SOUTH AFRICA - Last November, millionaire banana farmer Roy Plath sold 17 hand-raised lions to a game ranch in Mozambique where hunters from Germany and the US pay as much as £12,000 to shoot trophy animals. South Africa, which benefits from the business of more than 6,000 foreign hunters a year, failed to halt the sale of these so-called "canned lions."

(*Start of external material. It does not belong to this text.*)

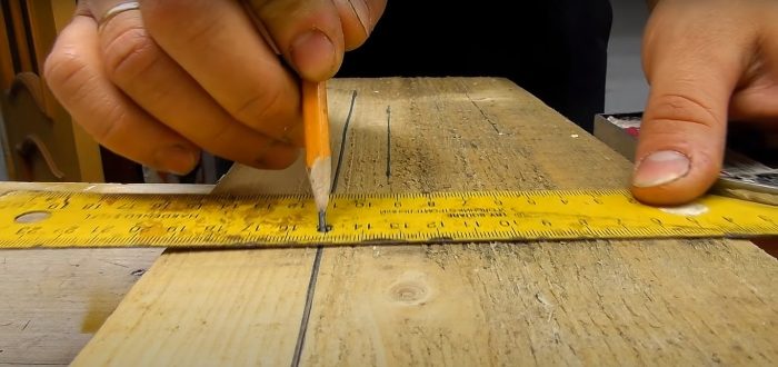Если делать множество меток на одном и том же расстоянии утомительно, то можно значительно облегчить и ускорить процесс. Для этого в уголке на нужной отметке расстояния просверливаем небольшое отверстие. Теперь туда можно поставить грифель карандаша и провести сразу прямую для отреза.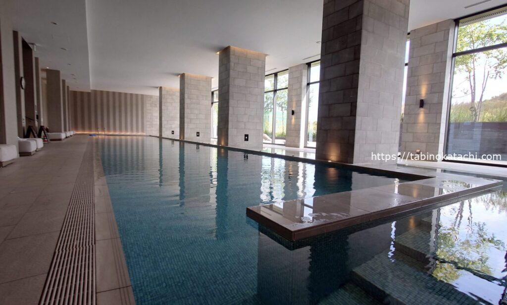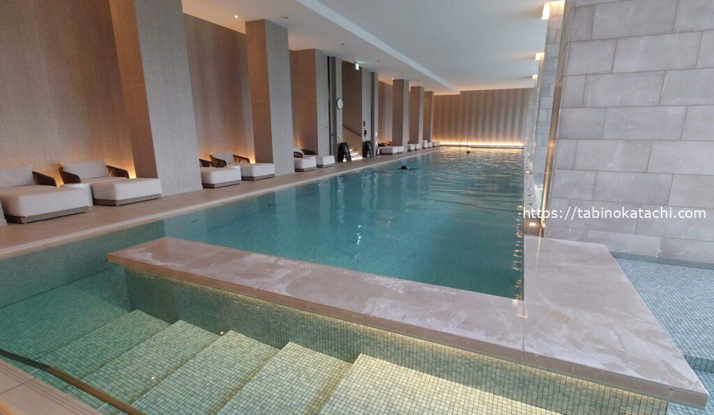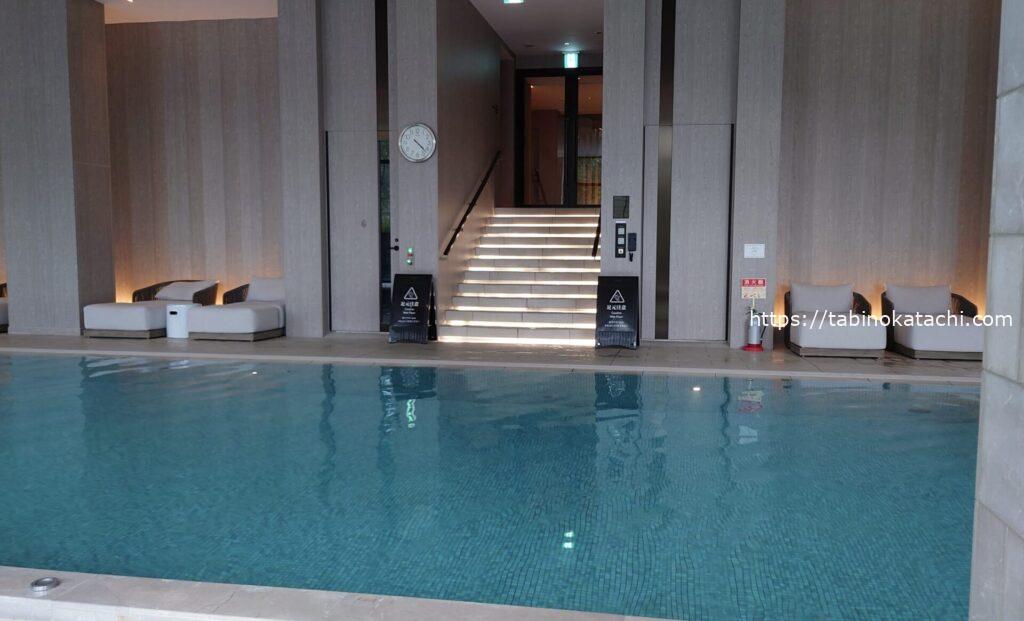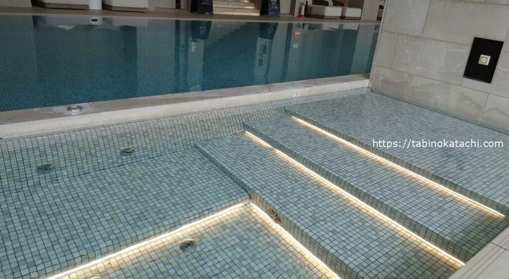 プールの出入りは、緩やかな角度の階段をつかうことができますし、窓際には暖かいジャクジーが5つ完備されているので、年齢を問わず、快適に楽しむことができると思います。プールサイドのチェアも、太めの柱で区切られているので、お隣とゆるーく仕切られて、プライベート感もありますし、細かな点で配慮された素敵なデザインだとおもいました。

Genetic Engineering in Your Mouth
US - Did you know that 60-70 percent of the foods on US grocery shelves now contain genetically modified organisms (GMOs)? Unlike shoppers in the European Community, where all foods containing GMOs are set to be clearly labeled, US consumers are given no warning that they may be feeding their children a dose of GMOs when they offer a bowl of cornflakes, a pizza or even baby formula. Germany and Switzerland have banned GMOs in food. Austria and Norway are considering bans. In the US, however, the FDA requires no labeling and no safety testing for GMO foods additives. "Genetic pollution is irreversible," warns Mothers for Natural Law [PO Box 1177, Fairfield, IA 52556, (515) 472-2809, fax: -2683, www.safe-food.org], "Whether we like it or not, we have all been conscripted into the largest food experiment in the history of the human race." The Mothers fought back by gathering one million signatures on their "Consumer Right to Know" petition demanding a ban on the use of GMOs until they are proven safe and clear labeling of all products that currently contain these very unnatural ingredients.